Das cinco bases de dados consultadas: Scopus, ScienceDirect, Springer Link, EBSCO e Web of Science, foram devolvidas um total de 719 artigos, aos quais adicionamos cinco do Scholar Google, por se considerarem igualmente relevantes, resultando num total de 724 artigos, conforme Figura 1.

Figura 1 Aplicação da metodologia PRISMA na revisão sistemática da literatura 

2.3. Critérios de inclusão e exclusão

Na seleção dos artigos procedemos primeiramente à retirada de 2.90% (n = 21) por serem publicações duplicadas, tendo-se seguido a exclusão de 93.74% (n = 674) das publicações após leitura do título, das palavras-chave e do resumo, pois não integravam referências conjugadas a RA e CN (ou Biologia e/ou Geologia) e Ensino Básico ou Ensino Secundário (equivalente ISCED 2 e 3) (motivo 1); 0.14% (n = 1) por não apresentar a estratégia de ensino no trabalho com os alunos (motivo 2); 0.28% (n = 2) por incluírem a realidade virtual no estudo (motivo 3) e, por último, 0.28% (n = 2), uma meta-análise que não incluía estratégias educativas e integrava o ensino universitário e a outra uma revisão da literatura sobre a indústria alimentar (tema específico que não faz parte dos programas). Para este artigo, foram selecionadas 10 publicações, por serem as que apresentaram resultados na aprendizagem dos alunos do ensino básico e secundário, nas disciplinas de Ciências Naturais e/ou Biologia (Tabela 2).

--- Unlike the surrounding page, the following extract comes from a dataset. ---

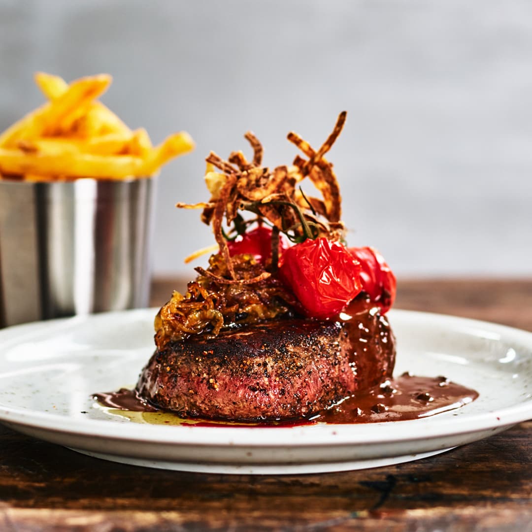 Klassisk pepparstek på oxfilé som toppas med friterad lök och persilja. Serveras med krämig pepparsås, ugnsbakade körsbärstomater och pommes frites.

Tabela 2 Metodologia do estudo, país, amostra, duração e sistema de RA utilizado 

Autor(es) e ano Metodologia do Estudo País N (GC + GE) Contexto geral Duração app e sistema (com/sem marcador) Idade
Gopalan et al. (2016) Experimental Malásia 140 (70 + 70) Sala de aula Pré-teste 20 minutos; Uma semana de trabalho; pós-teste 20 minutos Aplicação eStar*, computador (com marcador) 13 e 14 anos
Hung et al. (2016) Experimental Taiwan 72 (24 + 24) + 24) Sala de aula Nd Aplicação construída, óculos de RA (com marcador) 12 e 13 anos
Say et al. (2017) Métodos mistos explanatório Turquia 53 (27 + 26) Sala de aula Um mês; pré e pós-teste Aplicação construída, tablet (com marcador) 12 e 13 anos
Karagozlu (2018) Experimental Não definido 147 (70 + 77) Sala de aula 14 semanas de conhecimento pré e pós-teste Aurasma app*, smartphone (com marcador) 12 e 13 anos
López (2018) Quase-Experimental Colômbia 13 (0 + 13) Sequência didática de aprendizagem Nd Arloon Anatomy AR app, smartphone (com marcador) 10 e 11 anos
Sahin et al. (2019) Quase-Experimental Turquia 100 (50 + 50) Sala de aula Quatro semanas (16 horas); um teste de avaliação app não definida, computador (com marcador) 12 e 13 anos
Gnidovec et al. (2020) Quase-Experimental Eslovénia 51 (0 + 51) Sala de aula junho (pré-teste, ensino e pós-teste), setembro (pós-teste e questionário) Mirage AR9 app*, smartphone (com marcador) 13 e 14 anos
Petrov et al. (2020) Estudo de caso Bulgária 80 (0 + 80) Sala de aula Um ano letivo; pré e pós-teste Aplicação zSpace, computador e óculos 3D (sem marcador) Nd (High school)
Weng et al. (2020) Quase-Experimental Indonésia 68 (34 + 34) Sala de aula 90 minutos (organizados em 20 + 5 + 45 + 20); pré e pós-teste aplicativo construído e smartphone (com marcador) 14 e 15 anos
López-Cortés et al. (2021) Pré-Experimental Chile 162 (0 + 162) Sala de aula Nd Aplicação Mitotic Division, smartphone ou tablet (com marcador) 15 e 16 anos

Nota: GC - grupo controlo; GE - grupo experimental; * app descontinuada; Nd - não definido.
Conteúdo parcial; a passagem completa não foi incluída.